Research Fields
EUME supports and rests upon five interconnected research fields that are associated at universities and extra-university institutions in Berlin:
Perspectives on the Qur'an: Negotiating Different Views of a Shared History
directed by Angelika Neuwirth (Seminar for Arabic Studies, Freie Universität Berlin) and Stefan Wild (Universität Bonn) situates the foundational text of Islam within the religious landscape of Late Antiquity and combines a historicization of its genesis with its reception and perception in Europe and the Middle East;
Travelling Traditions: Comparative Perspectives on Near Eastern Literatures
directed by Friederike Pannewick (Centrum für Nah- und Mitteloststudien/Arabistik, Philipps-Universität Marburg) and Samah Selim (Rutgers University) reassesses literary entanglements and processes of canonization between Europe and the Middle East.
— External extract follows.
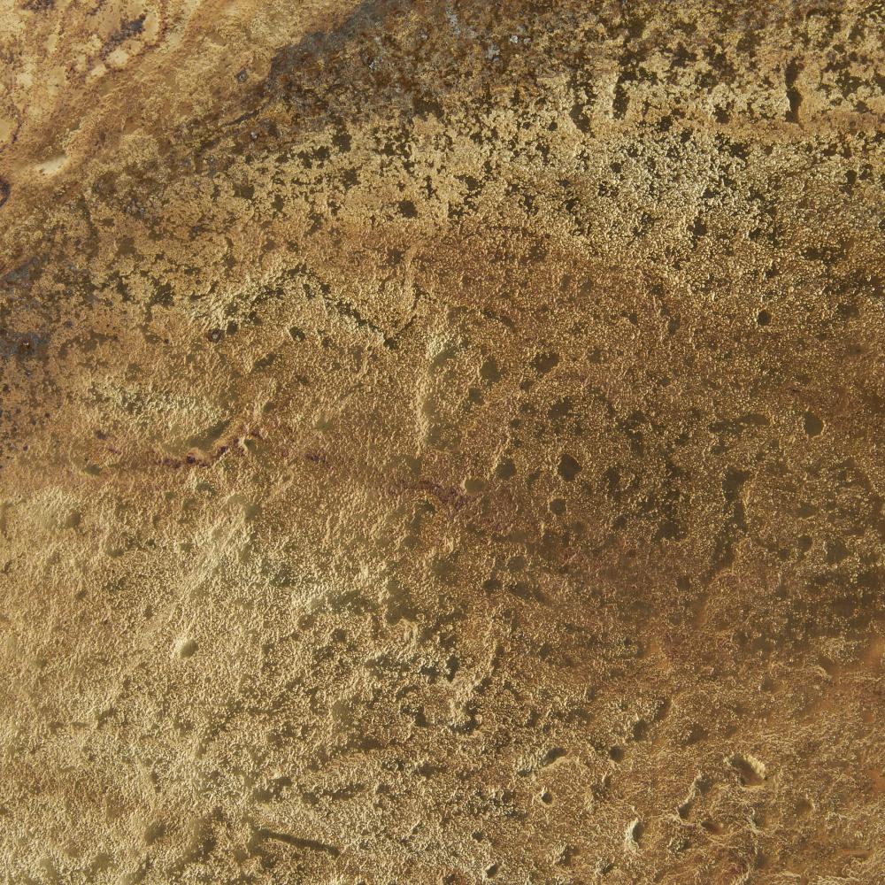 Simplistic in form, a shield of distressed antique brass is carefully aged to appear effortlessly burnished. We designed this cast aluminum centerpiece with a shallow dip and floating edges to make an over scaled home for your treasures. Finish will vary.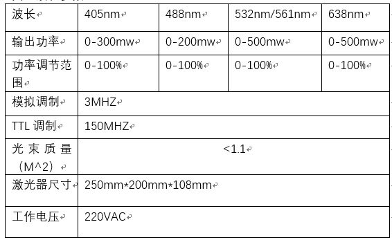 產(chǎn)品特點(diǎn): 客戶可以自由選擇合束激光的數(shù)量(2個(gè)到 8個(gè)波長(zhǎng)可選) 自由空間光輸出/各種光纖耦合輸出可選; 單光路或多光路輸出 智能性強(qiáng)(遠(yuǎn)程診斷修復(fù)和自我保護(hù)功能); 軟件控制(通過USB和RS232接口) 高穩(wěn)定性,光束質(zhì)量高,噪聲低; 百M(fèi)HZ的TTL調(diào)制功能和模擬調(diào)制; 結(jié)構(gòu)緊湊,堅(jiān)固耐用; 可根據(jù)客戶的要求定制,不收取定制費(fèi); 高性價(jià)比; 主要應(yīng)用:超分辨率成像、共聚焦顯微鏡、熒光激發(fā)、流式細(xì)胞儀、SPIM、FRAP、TIRF…… 典型波長(zhǎng)參數(shù):

Cities Compared: Urban Change in the Mediterranean and Adjacent Regions
directed by Ulrike Freitag and Nora Lafi (both Zentrum Moderner Orient, Berlin) contributes to the debate on cosmopolitanism and civil society from the historical experience of conviviality and socio-cultural, ethnic, and religious differences in the cities around the Mediterranean.
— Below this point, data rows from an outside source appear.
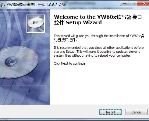 1、双击yw60xocxSetup.exe文件,进入安装界面,点击install开始安装
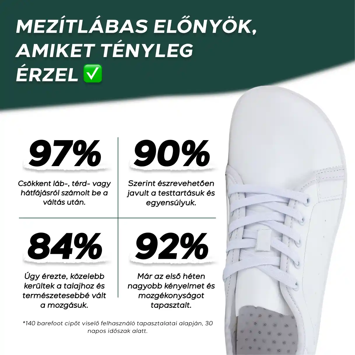 A munkám miatt gyakran napi 12 órát is állnom kell, így rendszeresen szenvedtem ízületi fájdalmaktól. Az ortopéd orvosom javasolta, hogy próbáljam ki ezeket a mezítlábas cipőket – a változás szembetűnő volt. Egyedül azt tanácsolnám, hogy az elején csak rövidebb ideig viselje őket, hogy az izmok és ízületek fokozatosan alkalmazkodjanak.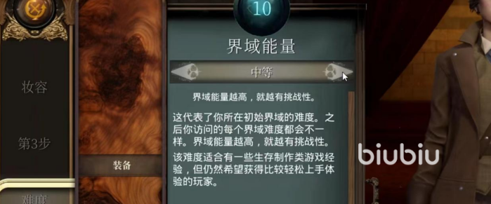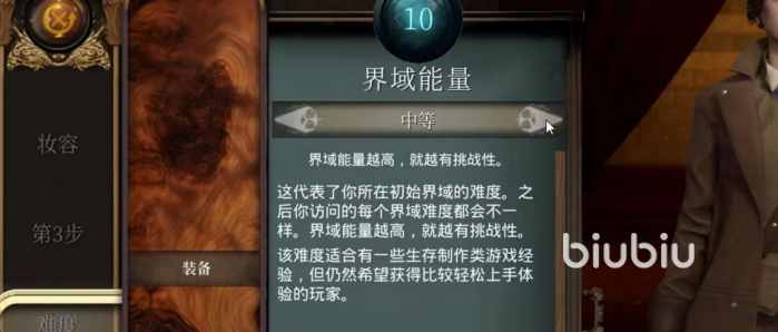 新手玩家建议可以选择界域能量为1-10的简单难度,更有利于玩家熟悉游戏机制玩法。再往上的难度分别为中等、困难和极限。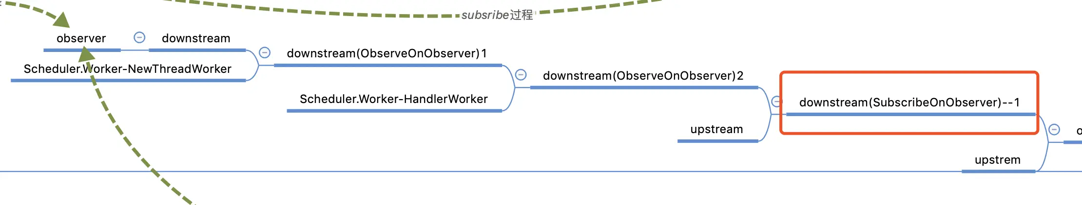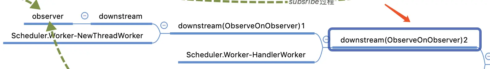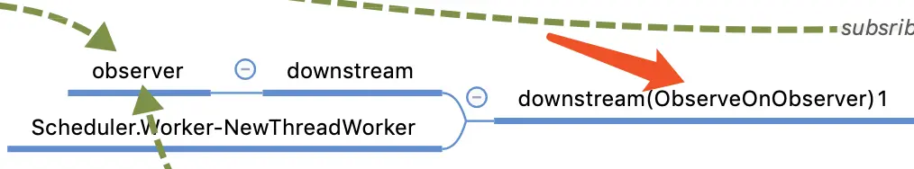 - 执行subscribe后,相当于回溯调用上游的Observable的订阅流程,是对上游的Observable拆解,也是对下游的Observer的一次包装,在此过程中对subscribeOn中的线程切换,但是最终的Observable是在第一次切换的线程中

Islamic Discourse Contested: Middle Eastern and European Perspectives
directed by Gudrun Krämer (Institut für Islamwissenschaft, Freie Universität Berlin) analyzes modern Middle Eastern thought and discourses in the framework of theories of multiple or reflexive modernities;
Tradition and the Critique of Modernity: Secularism, Fundamentalism and Religion from Middle Eastern Perspectives
directed by Amnon Raz-Krakotzkin (Ben-Gurion University, Beer Sheva) tries to rethink key concepts of Modernity like secularity, tradition, or religion in the context of the experiences, interpretations, and critiques of Jews, Arabs, and Muslims in the Middle East and in Europe.
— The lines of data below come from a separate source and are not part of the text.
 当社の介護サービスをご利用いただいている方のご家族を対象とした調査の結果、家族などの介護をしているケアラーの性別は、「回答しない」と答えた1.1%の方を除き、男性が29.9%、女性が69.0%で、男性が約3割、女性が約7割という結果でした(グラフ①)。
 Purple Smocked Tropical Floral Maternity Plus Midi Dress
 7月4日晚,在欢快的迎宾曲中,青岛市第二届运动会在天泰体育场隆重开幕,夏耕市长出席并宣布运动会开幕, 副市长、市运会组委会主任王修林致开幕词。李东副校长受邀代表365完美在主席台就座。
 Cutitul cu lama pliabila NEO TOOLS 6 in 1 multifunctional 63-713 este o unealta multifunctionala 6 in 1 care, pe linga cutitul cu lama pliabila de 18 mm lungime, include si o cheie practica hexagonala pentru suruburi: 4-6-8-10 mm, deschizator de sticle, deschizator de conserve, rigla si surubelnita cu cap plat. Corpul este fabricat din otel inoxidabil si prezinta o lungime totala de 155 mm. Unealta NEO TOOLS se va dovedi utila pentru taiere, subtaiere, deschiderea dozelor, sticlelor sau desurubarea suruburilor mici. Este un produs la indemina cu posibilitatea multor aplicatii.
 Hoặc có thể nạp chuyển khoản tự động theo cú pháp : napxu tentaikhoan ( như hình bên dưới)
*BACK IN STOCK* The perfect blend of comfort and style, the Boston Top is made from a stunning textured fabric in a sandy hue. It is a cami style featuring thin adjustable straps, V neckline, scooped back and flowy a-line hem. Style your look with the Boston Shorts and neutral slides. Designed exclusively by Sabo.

All five research fields contribute to our knowledge of Middle Eastern cultures and societies and their relations to Europe. At the same time they attempt to re-center the significance of academic disciplines for the study of non-European contexts, in this case the Middle East. EUME thus supports historical-critical philology, rigorous engagement with the literatures of the Middle East and their histories, the social history of cities and the study of Middle Eastern political and philosophical thought (Christian, Jewish, Muslim, and secular) as central fields of research not only for area or cultural studies, but also for Europe and the academic disciplines.